- Illinois state flag
- Active: August 30, 1862 – June 15, 1865
- Disbanded: June 15, 1865
- Country: United States
- Allegiance: Union
- Branch: Infantry
- Engagements: American Civil War Skirmish at Bardstown Kentucky; Skirmish at Lavergne; Battle of Stone's River; Battle of Chickamauga; Siege of Chattanooga; Battle of Missionary Ridge; Battle of Rocky Face Ridge; Battle of Resaca; Battle of Kennesaw Mountain; Battle of Jonesborough; Battle of Franklin; Battle of Nashville;

Commanders
- Notable commanders: Frederick A. Bartleson;

= 100th Illinois Infantry Regiment =

The 100th Regiment Illinois Volunteer Infantry was an infantry regiment that served in the Union Army during the American Civil War.

== Service ==
The 100th Illinois Infantry was organized at Joliet, Illinois, By Colonel Frederick A. Bartleson and mustered into Federal service on August 30, 1862.

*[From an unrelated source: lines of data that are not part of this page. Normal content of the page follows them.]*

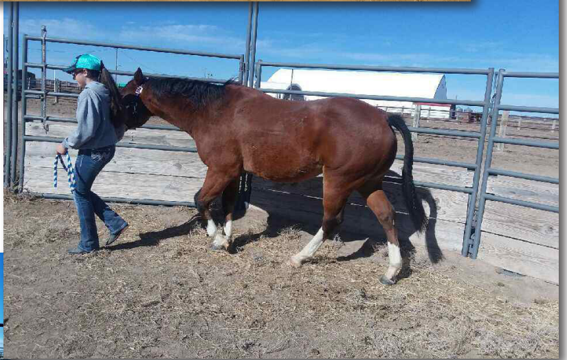
Jaycee's project measured heart beat at rest, after walking, and after trotting on varying ages of horses.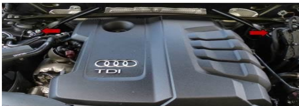
Figure 1. Example of tower brace for an Audi Q7.

2. If necessary, secure the bolt with the correct torque according to the repair manual and reassess the concern (Figure 1 and 2).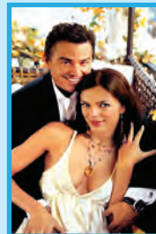
My Fair Brady (2005-2008) Rialto Square Theatre Christ Episcopal Church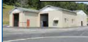
5005 Lake Bonita Rd., Catlettsburg - PRIME COMMERCIAL LOCATION! Within 3 to 4 minutes of I-64 & US 23 intersection. 42+/- Acres. Commercial Warehouse/Bldgs, offices & mobile home. $650,000 (CCJ)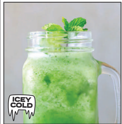
FROZEN MINT LEMONADE ..... $7.5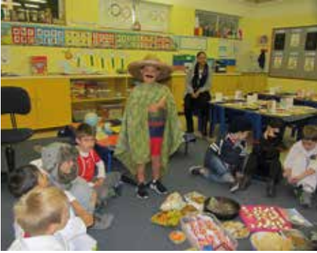
International Food Day was a blast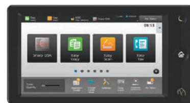
Award-winning 10.1" (diagonal) customizable touchscreen display.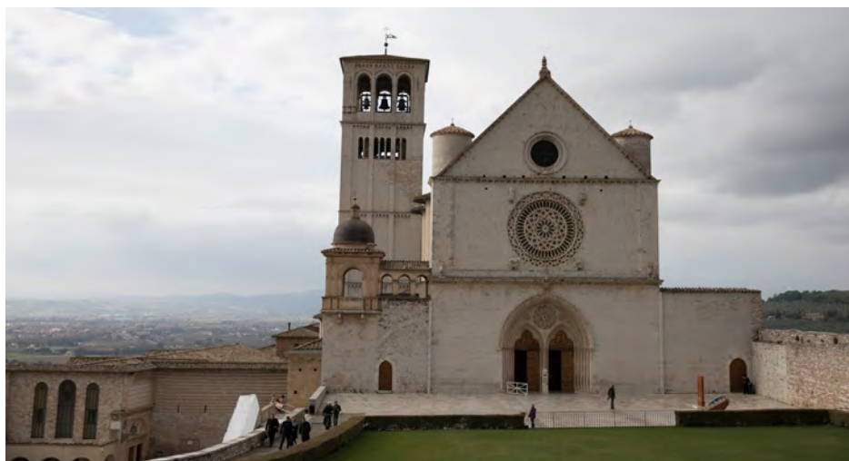
The Basilica of St. Francis in Assisi, Italy, in a photo taken on Nov. 17, 2016. Participants in a Catholic Extension pilgrimage gathered for Mass the next day in the lower basilica.

For the church in this moment, he said, "unity is prior. We must come together. Contemporary society so often divides us." Rather than focusing on differences among people, the cardinal quoted Pope Francis, "who has been reminding us that what counts is the fact that we are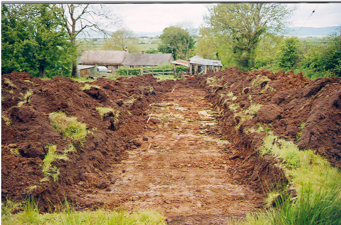
Photo 2: Trench 1 looking northwest after excavation showing surface of subsoil (Context 102).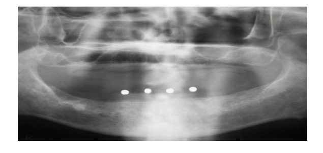
Figure 1; Orthopantomograph with visible lead markers

Patient in the age of 54came for examination in our clinical department. He was not satisfied with the existing removable dentures, especially the lower one. He had been informed about the possibilities of implant therapy and fixed prosthodontic construction, but he could not afford it. Figure 1,2

The Regiment's First Battle was a Skirmish at Bardstown Kentucky, Where it was ordered by General Haskell To make a Charge, The Regiment yelled and Charged Forward, Driving the enemy through the Town and Two miles Beyond.

The Regiment took part in the battle of Stone's River, where it gallantly charged at the Confederates after being held in reserve, Holding their ground without Protection, And the Confederates Fell back under the cover of the breast works, The Regiment Suffered 24 Killed and 80 Wounded, and the next day, after a desperate Charge, Colonel Frederick A. Bartleson and 14 Men were Captured.

The next battle they took part was at Missionary Ridge, where it was on the left of Sheridan's Division, The regiment charged directly in front of Orchard's Knob, then carried the Ridge, capturing many prisoners and a Confederate Battery, Pursuing the enemy far into the night, Driving the Confederates across the Chickamauga River.

The regiment was mustered out on June 12, 1865, and discharged at Chicago, Illinois, on June 15, 1865.

== Total strength and casualties ==
The regiment suffered 7 officers and 73 enlisted men who were killed in action or who died of their wounds and 134 enlisted men who died of disease, for a total of 214 fatalities.

== Commanders ==
- Colonel Frederick A. Bartleson - killed in action at the Battle of Kennesaw Mountain on June 23, 1864.
- Lieutenant Colonel Charles M. Hammond - Mustered out with the regiment.